- J’ai réfléchi: je vous ai
compris, Palamède. Maintenant, je sais que c’est pour vous la seule solution [le
suicide]. J’ai eu du mal à l’admettre, car enfin c’est le contraire de ce que l’on
m’a toujours appris. Vous savez ce que c’est: “La vie est la valeur suprême, le
respect de la vie humaine...”. Grâce à vous, je sais que c’est de la foutaise:
ça dépend d’un individu à l’autre, comme n’importe quoi sur terre. Et la vie,
ça ne vous convient pas: c’est clair. Je vous jure que je m’en veux: je
regrette de vous avoir tiré du garage.
Silence de mille tonnes.
- Je me doute bien qu’une seconde
tentative doit être insurmontable. Et cependant, si étrange que cela puisse paraître,
je viens vous y encourager. Oui, Palamède. Je devine qu’un tel acte exige une
force d’âme dont je serais incapable: mais moi, j’aime la vie, c’est différent.
Vous, je vous exhorte à avoir cette détermination.
Sans m’en apercevoir, je me mettais à parler avec fougue: je m’emportais comme Cicéron prononçant la première Catilinaire.
- Songez surtout à ce qui se passerait si vous ne le faites pas. Vous ne pouvez pas continuez comme ça. Regardez ce qu’est votre existence: votre vie n’est pas une vie! Vous êtes une masse de souffrance et d’ennui. Plus grave: vous êtes le néant. Et le néant souffre, nous le savons depuis Bernanos. Bien sûr, vous ne l’avez pas lu, vous ne lisez jamais, d’ailleurs vous ne faites jamais rien. Vous n’êtes rien et sans doute n’avez-vous jamais rien été. Cela ne me dérangerait pas si vous étiez seul, mais ce n’est pas le cas: vous vous vengez de votre sort sur votre femme qui, même si elle n’a pas l’apparence d’une femme, est cent fois plus humaine que vous. Vous la séquestrez, vous voulez la plier à votre néant. C’est abject. Si l’on est incapable de vivre sans opprimer quelqu’un, il vaut mieux ne pas vivre.
Je commençais à me sentir bien. Le feu de l’art oratoire me remplissait d’énergie.

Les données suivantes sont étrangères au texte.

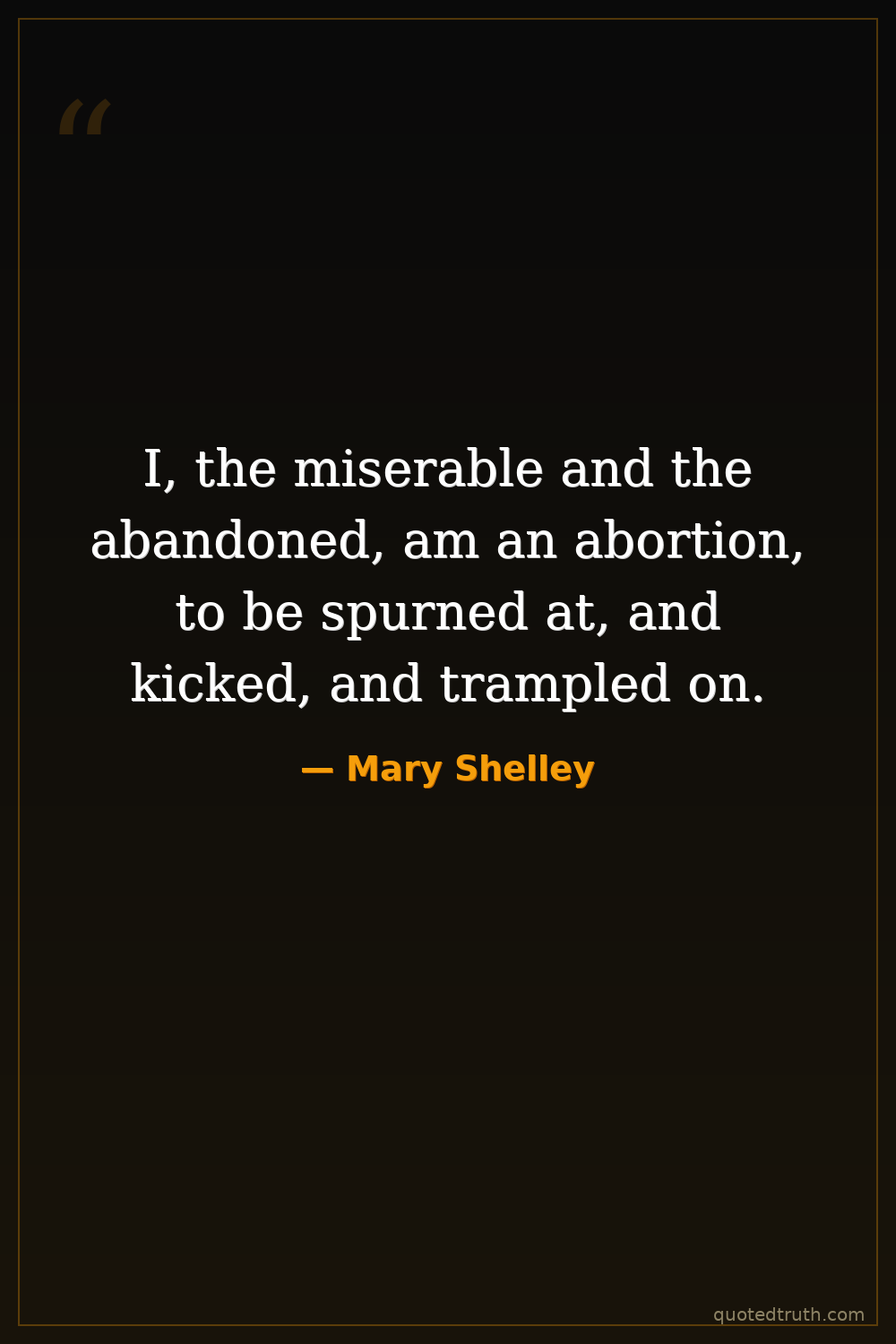 I, the miserable and the abandoned, am an abortion, to be spurned at, and kicked, and trampled on.

- Que comptez-vous faire aujourd’hui, Palamède? Je vais vous raconter votre
journée: après avoir rentré les commissions, vous allez tomber dans votre
fauteuil et regarder quatre horloges jusqu’à l’heure du déjeuner. Vous allez préparer
de la nourriture infâme, vous en gaverez Bernadette avant de vous en gaver
vous-même, alors que vous détestez manger, et particulièrement cette bouffe
infecte. Puis vous vous écroulerez à nouveau dans le fauteuil et vous dévisagerez
le temps qui passe et qui meut la petite et la grande aiguille. Nouvelle épreuve
alimentaire, ensuite vous vous coucherez et ce sera le plus mauvais moment de
votre journée: je devine que, comme moi, vous êtes insomniaque et si mes
insomnies sont sordides, que doivent être les vôtres? L’insomnie d’un gros porc
qui s’emmerde et qui n’espère même pas dormir puisqu’il n’aime pas ça. Car vous n’aimez rien, Palamède
Bernardin! Quand on n’aime rien, il faut mourir. Vous n’allez pas me
dire que vous n’avez pas dans votre trousse de médicin des pilules qui puissent
vous y aider. Ce sera plus facile que les gaz d’échappement. Courage, Palamède!
Il vous suffit d’ouvrir la bouche, d’avaler un tube de comprimés avec un verre
d’eau, de vous coucher – et ce sera fini, l’ennui, le vide, le calvaire de la
nourriture, les horloges, votre femme et les insomnies! Il n’y aura plus rien et vous ne serez plus là
pour vous en rendre compte. Ce sera le salut, Palamède, le salut! Pour l’éternité!